Quer Giorgio, Topol Eric J
Scripps Research Translational Institute, La Jolla, CA, USA.
Scripps Research Translational Institute, La Jolla, CA, USA.
Lancet Digit Health. 2024 Oct;6(10):e767-e771. doi: 10.1016/S2589-7500(24)00151-1. Epub 2024 Aug 29.

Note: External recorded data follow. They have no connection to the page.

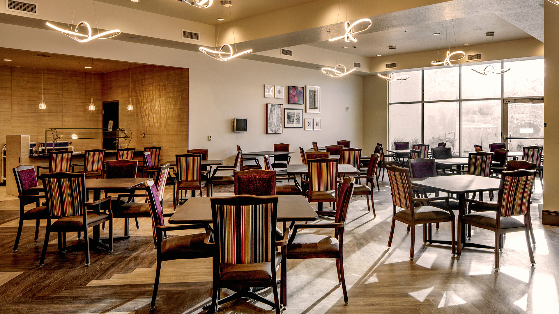 Pointe Meadows consists of in-house state-of-the-art therapy, skilled nursing, and stay activities for residents. This facility's modern yet homey feel has a large walking path around the building, high ceilings in the lobby and ample natural lighting throughout, creating a vibrant and healthy environment for its users. This hospitality-inspired design has a multi-activity area, a large physical therapy area, a beautiful chapel and a theater for entertainment. The large group dining room provides a comfortable eating experience, and a private dining area will give visitors a pleasant place to visit their loved ones.
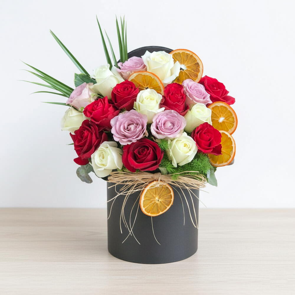 kırmızı gül - 7 adet beyaz gül - 5 adet okaliptus - 3 adet siyah kutu - 1 adet lila gül - 5 adet portakal - 4 adet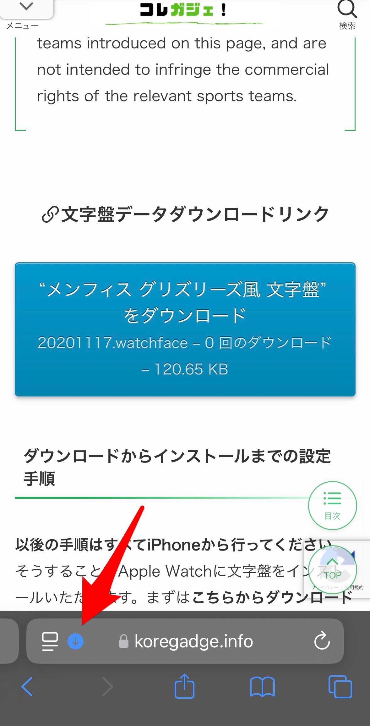 ダウンロードが終わったら、Safariのダウンロードアイコン部分をタップ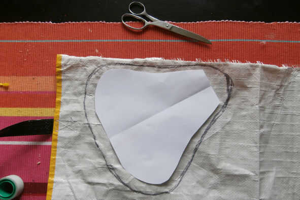 Abrir el patrón y ponerlo en el bolso doble. Elegir la sección que te gusta. Dibujar el patrón en la bolsa y cortar. Como veis he añadido algo de espacio extra para la costura.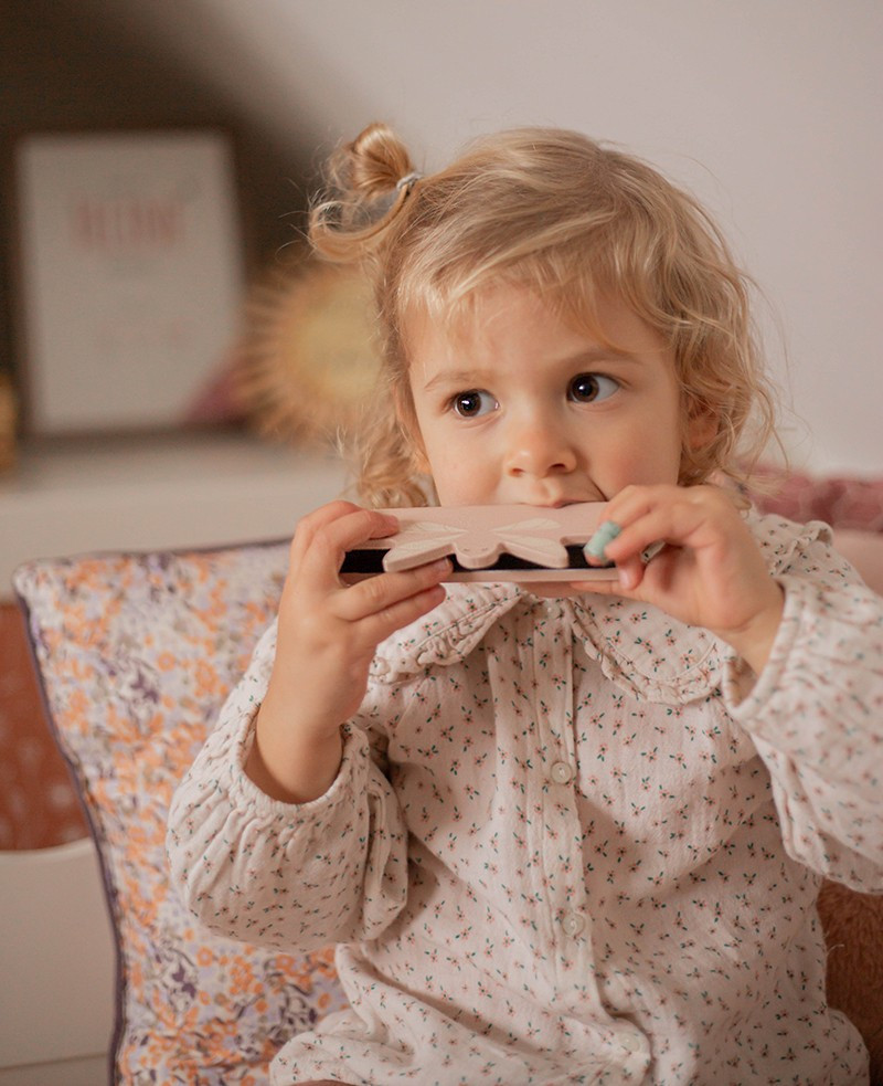 A kis zenészünk imádni fogja ennek az aranyos szitakötővel díszített rózsaszín szájharmonikának a hangját! A szájharmonika különböző lyukaira fújva különböző hangokat és hangszíneket fog tudni játszani.

Cardiovascular diseases persist as the leading cause of death globally and their early detection and prediction remain a major challenge. Artificial intelligence (AI) tools can help meet this challenge as they have considerable potential for early diagnosis and prediction of occurrence of these diseases. Deep neural networks can improve the accuracy of medical image interpretation and their outputs can provide rich information that otherwise would not be detected by cardiologists. With recent advances in transformer models, multimodal AI, and large language models, the ability to integrate electronic health record data with images, genomics, biosensors, and other data has the potential to improve diagnosis and partition patients who are at high risk for primary preventive strategies. Although much emphasis has been placed on AI supporting clinicians, AI can also serve patients and provide immediate help with diagnosis, such as that of arrhythmia, and is being studied for automated self-imaging. Potential risks, such as loss of data privacy or potential diagnostic errors, should be addressed before use in clinical practice. This Series paper explores opportunities and limitations of AI models for cardiovascular medicine, and aims to identify specific barriers to and solutions in the application of AI models, facilitating their integration into health-care systems.
心血管疾病仍然是全球主要死因,其早期检测和预测仍是一项重大挑战。人工智能(AI)工具能够助力应对这一挑战,因为它们在这些疾病的早期诊断和发病预测方面具有巨大潜力。深度神经网络可以提高医学图像解读的准确性,其输出能够提供丰富信息,而这些信息心脏病专家可能无法察觉。随着Transformer模型、多模态AI和大语言模型的最新进展,将电子健康记录数据与图像、基因组学、生物传感器及其他数据整合的能力,有潜力改善诊断并区分出适合采取一级预防策略的高危患者。尽管人们十分强调AI对临床医生的支持,但AI也能服务患者,并在诊断方面提供即时帮助,比如心律失常的诊断,目前正在研究其用于自动自我成像。在临床实践应用之前,应解决潜在风险,如数据隐私丢失或潜在诊断错误。本系列文章探讨了AI模型在心血管医学中的机遇与局限,旨在识别AI模型应用中的具体障碍及解决方案,促进其融入医疗保健系统。